PCW: You've been in the anti-virus business for a long time. What are your thoughts on the evolution of malware?
Malware has evolved in three stages. The first stage was more about smart young programmers writing viruses for fun, or to learn about replicating programs. These viruses were more benign, and they were not written with a motive to make money. This has now changed. Viruses and malware is currently written by professionally organized groups with the intention of making money. The current situation of the internet helps malware creators make money with very little risk, and they aren't out to just have fun anymore. Also, malware writers are increasingly targeting newer devices like smartphones, which have a low security barrier. I feel that cyber-terrorism will increase as well, with countries infrastructure being targeted more and more in the days to come.
What do you think about the links between cyber-crime groups and organized crime? Are they joining forces?

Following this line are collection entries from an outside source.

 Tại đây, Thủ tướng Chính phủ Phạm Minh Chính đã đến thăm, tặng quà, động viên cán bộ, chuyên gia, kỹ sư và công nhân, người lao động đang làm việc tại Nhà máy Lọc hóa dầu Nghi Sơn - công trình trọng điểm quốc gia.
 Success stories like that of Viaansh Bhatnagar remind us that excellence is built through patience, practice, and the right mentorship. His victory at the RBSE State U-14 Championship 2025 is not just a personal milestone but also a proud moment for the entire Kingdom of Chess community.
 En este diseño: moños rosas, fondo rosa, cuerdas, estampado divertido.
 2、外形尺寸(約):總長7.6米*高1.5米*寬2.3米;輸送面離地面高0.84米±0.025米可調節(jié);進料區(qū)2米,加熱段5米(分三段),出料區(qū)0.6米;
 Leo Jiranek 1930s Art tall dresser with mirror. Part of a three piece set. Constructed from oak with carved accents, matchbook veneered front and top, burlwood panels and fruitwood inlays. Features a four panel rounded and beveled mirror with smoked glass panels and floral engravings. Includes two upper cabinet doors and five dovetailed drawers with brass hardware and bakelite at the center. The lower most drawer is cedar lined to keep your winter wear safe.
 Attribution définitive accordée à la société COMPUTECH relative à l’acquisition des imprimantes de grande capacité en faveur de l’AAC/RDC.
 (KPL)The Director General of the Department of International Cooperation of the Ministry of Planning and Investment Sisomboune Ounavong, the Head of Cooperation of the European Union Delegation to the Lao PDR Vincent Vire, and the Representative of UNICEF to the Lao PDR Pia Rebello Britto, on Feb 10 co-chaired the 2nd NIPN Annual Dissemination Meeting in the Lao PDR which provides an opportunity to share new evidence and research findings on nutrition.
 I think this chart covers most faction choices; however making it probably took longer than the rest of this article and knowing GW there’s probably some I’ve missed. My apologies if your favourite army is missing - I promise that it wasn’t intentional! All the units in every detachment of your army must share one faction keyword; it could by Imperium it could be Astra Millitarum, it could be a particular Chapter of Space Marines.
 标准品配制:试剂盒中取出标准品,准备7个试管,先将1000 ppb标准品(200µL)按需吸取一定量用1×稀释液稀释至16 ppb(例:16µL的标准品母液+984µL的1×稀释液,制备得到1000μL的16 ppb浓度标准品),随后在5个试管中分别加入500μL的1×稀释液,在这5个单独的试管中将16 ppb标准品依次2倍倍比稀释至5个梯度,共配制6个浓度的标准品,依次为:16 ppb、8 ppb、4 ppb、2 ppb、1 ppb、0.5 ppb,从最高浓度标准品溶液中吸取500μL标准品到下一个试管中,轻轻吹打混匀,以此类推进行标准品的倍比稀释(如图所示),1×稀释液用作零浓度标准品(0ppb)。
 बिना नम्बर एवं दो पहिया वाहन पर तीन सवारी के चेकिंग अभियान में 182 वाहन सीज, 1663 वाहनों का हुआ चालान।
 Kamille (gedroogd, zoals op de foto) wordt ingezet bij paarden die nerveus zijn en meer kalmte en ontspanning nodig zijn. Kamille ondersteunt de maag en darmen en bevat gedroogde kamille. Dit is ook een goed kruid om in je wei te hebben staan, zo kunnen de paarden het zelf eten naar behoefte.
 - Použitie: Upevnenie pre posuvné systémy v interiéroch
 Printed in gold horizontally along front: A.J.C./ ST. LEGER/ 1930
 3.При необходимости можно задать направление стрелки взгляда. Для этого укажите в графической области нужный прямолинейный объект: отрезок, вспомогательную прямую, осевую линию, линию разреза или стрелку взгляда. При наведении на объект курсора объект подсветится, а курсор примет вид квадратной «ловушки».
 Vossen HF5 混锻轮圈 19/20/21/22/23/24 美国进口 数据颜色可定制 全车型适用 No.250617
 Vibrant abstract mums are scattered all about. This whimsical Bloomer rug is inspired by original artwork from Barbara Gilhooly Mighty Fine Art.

I don't think this is true. The cyber-criminals don't have strong links with organized crime groups. They may have some links, but I don't think it's fair to say that all cyber criminals are part of the real Mafia, or other organized crime groups. The mentality of a cyber-criminal is very different from a real-world crook, and it's not true that all cyber-criminals would commit physical crimes, or think like people who are used to more violent lifestyles.
What can we do to fix some of the problems with malware on the Internet?
The Internet was never designed with security in mind. If I was God, and wanted to fix the Internet, I would start by ensuring that every user has a sort of internet passport: basically, a means of verifying identity, just like in the real world, with driver's licenses and passports and so on. The second problem is one of jurisdiction. The Internet has no borders, and neither do the criminals who operate on the Internet. However, law enforcement agencies have jurisdictional limits, and are unable to conduct investigations across the globe. I feel we need an international agency to combat this problem, something like an Interpol for the Internet.
Won't your suggestion of Internet Passports remove the anonymity from online browsing, thus causing problems for people who may be operating in countries that are not friendly to their views, and so on?
There is no such thing as anonymity on the Internet, for the average user. It is relatively easy to identify the casual surfer from his IP address and the ISP's logs. Criminals, on the other hand, are professionals who know how to hide their tracks. A passport would be beneficial to law-abiding users, and would make it that much more difficult for cyber-criminals to hide.
Is your company moving from pure AV solutions to more comprehensive risk-management solutions?
In any case, there is no point talking about pure AV anymore, even for home users. The minimum you need is Anti-Virus, Anti-Spam, and a Firewall. We do have a few risk-management options, but we don't want to dilute our products by broadening our focus too much. We would like to stay focused on security, and make sure we have the best products in that area.
Here's a more speculative question: looking into the middle future, say in twenty years, how do you see the internet evolving?
I would like to answer this in two parts. Firstly, I don't know about twenty years, but I feel in about fifty years, the Internet will be a much more regulated, safer place. Just as society has evolved, so too shall the Internet evolve, with identification, regulatory agencies and all the things that keep society running smoothly. There will always be criminals, but not as many as there are right now.
Secondly, in the near future, say in about ten years, I feel that we may see an increase in cyber-terrorism attacks. Governments right now don't see this as a critical problem, but I fear that there will be some sort of major attack that will change this perception. Also, I think we're going to see more devices such as smartphones, car computers, smart homes and the like come under attack from malware writers.